大阪メトロに貼られた「民間校長募集」の異様さ

ある日、大阪メトロの構内でふと目に入った1枚のポスター。

「民間校長 募集中」

一瞬、目を疑った。

もちろん、今の学校現場が人材不足だというのは知っている。教員のなり手が減り、現場の疲弊も進んでいる。

でも、だからといって──

「教育を知らない人に、いきなり学校を任せる」って、どういう理屈なんだ。

そのポスターには、希望に満ちた言葉が並んでいた。

「新しい風を」「これまでにない学校経営を」「子どもたちの未来を」

どれもキレイな言葉だ。けれど、それが一体どれだけの現実と、どれだけの痛みに裏打ちされているのか。

この国の教育は、「現場を知らない人」が“正しさ”を語れるほど、単純じゃない。

民間校長という幻想

「民間の力で、学校に新しい風を──」

このフレーズ、よく聞く。響きはいい。耳ざわりもいい。でも、現場で生きてきた人間からすれば、ただの幻想だ。

教育現場は、ビジネスのように「成果」や「数字」で語れる場所じゃない。

必要なのは、カリスマでも、アイデアでもない。

人間関係、信頼、空気の読み合い、矛盾との折り合い。

それが教育現場の「日常」であり、「泥」だ。

確かに、民間経験があること自体は悪くない。だけど、それだけで「校長として学校を動かせる」と考えるのは傲慢だ。

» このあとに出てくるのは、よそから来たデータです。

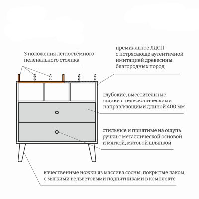 Ножки комода выполнены из массива сосны и покрыты безопасным лаком. В комплекте к ножкам есть мягкие фетровые подпятники, для защиты пола.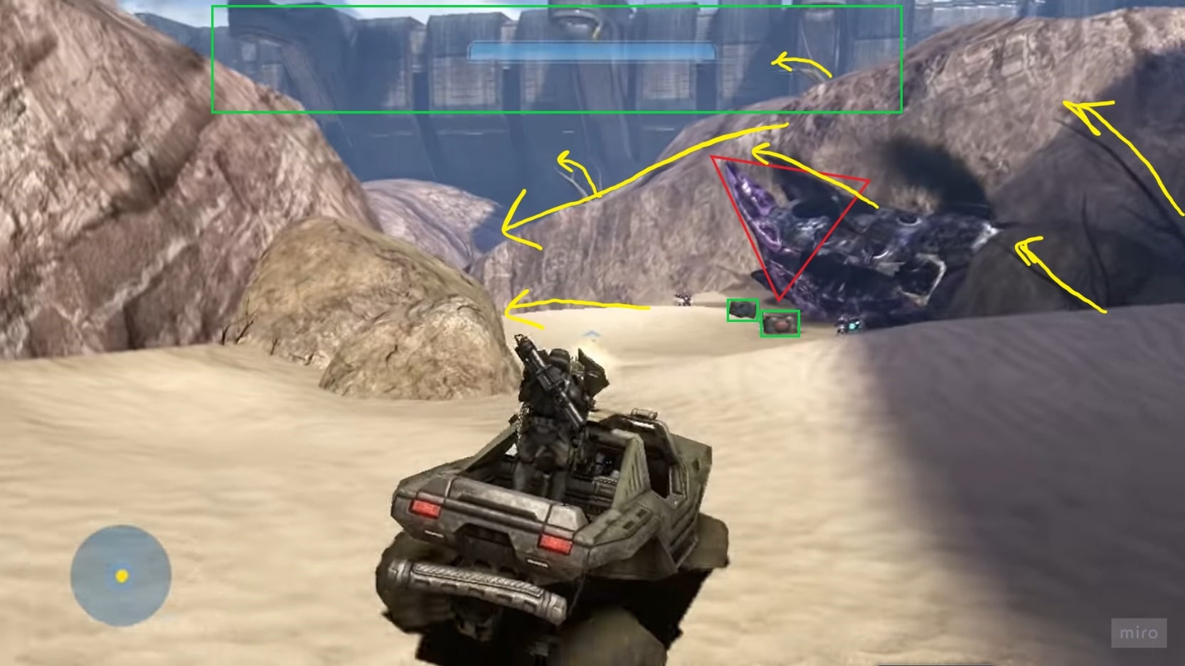 - Battlefield traversal designed to keep the temple in sight as players advanced

現場の仕組みを知らないまま、“トップ”として君臨する。その裏で、どれだけの子どもと先生が振り回されるか──

そんな簡単な世界じゃないんだよ、教育って。

中学生の声:現実のいじめ

「現役中学生からすると、あだ名禁止にしてもいじめは無くならない。

あと先生が見てない所では普通に、いじめで呼んでるのが現実。

それよりも、いじめ起きる前提で考えて、起きたらどう対処するかを具体的に考えてほしい。」

──これが、今の子どもたちのリアルだ。

大人が「これで安心」と思って敷いたルールなんて、

子どもは簡単にすり抜けていく。

いじめは“起きない前提”で考えるものじゃない。

「起きる前提」で、対処の仕組みを作ること。

その覚悟と現実理解がなければ、教育現場は守れない。

聞くけど、これを読んで──

民間から来た“未経験者の校長”が対応できると思いますか?

民間校長に裏切られた体験談

僕自身、民間校長制度の“甘さ”に振り回されたひとりだ。

あるとき、校内の事情で転勤の話が出た。管理職からも「動けるように調整している」と言われていた。

ところが──直前になって、

「やっぱり異動は無理になった」

理由を聞いても、要領を得ない。

しびれを切らして問い詰めると、

「私は今年で退職だから、もう関係ない。」

驚きと怒りで言葉が出なかった。

だが、もっと驚いたのはその“後”だった。

その民間校長は──

翌年、別の自治体で校長をするための研修で忙しく、

僕の対応なんて、最初から「眼中に無かった」ことが、あとからわかった。

現場に責任を持たない人間が、現場のトップに立つ。

──それが、今の「民間校長制度」のリアルだ。

制度の構造的欠陥

ここまで読んで、「たまたま運が悪かったんじゃない?」と思った人もいるかもしれない。

でも、それが違う。

民間校長制度そのものが、

「責任を育てない構造」になっている

任期は短期。多くは3年。評価制度も曖昧で、現場の混乱が数字に出ることは少ない。

しかも、周囲の管理職や教育委員会が「サポート前提」で動くから、

“形式的なトップ”として、好きにふるまうことができてしまう。

これは制度の欠陥だ。現場で信頼関係を築くこともなく、“上”から来た人間として権限だけを振りかざす。

現場が混乱しようが、教員が苦しもうが、

──その人がいなくなれば、責任はすべて「現場」に戻ってくる。

改革ではなく、責任を

僕は、民間校長制度そのものを全否定するつもりはない。

外から来たからこそ、見えることもある。現場にいなかったからこそ、できる判断もある。

でも、それは「順番」が正しければ、の話だ。

現場に一度も足を踏み入れず、いきなりトップになる。

その結果、誰も責任を取らずに、現場が疲弊する。

──これが、今の民間校長制度の最大の問題だ。

もし本当に“現場を変えたい”と思うなら、まずは泥を踏んでくれ。

最低でも、3年。

教室に入って、子どもと向き合って、教員とぶつかって、

それでもなお「ここで校長をやりたい」と思えた人だけが、現場を語ってほしい。

教育は「意識高い人」がやりたいことを実現する場所じゃない。

子どもの命と、未来と、心を預かる仕事だ。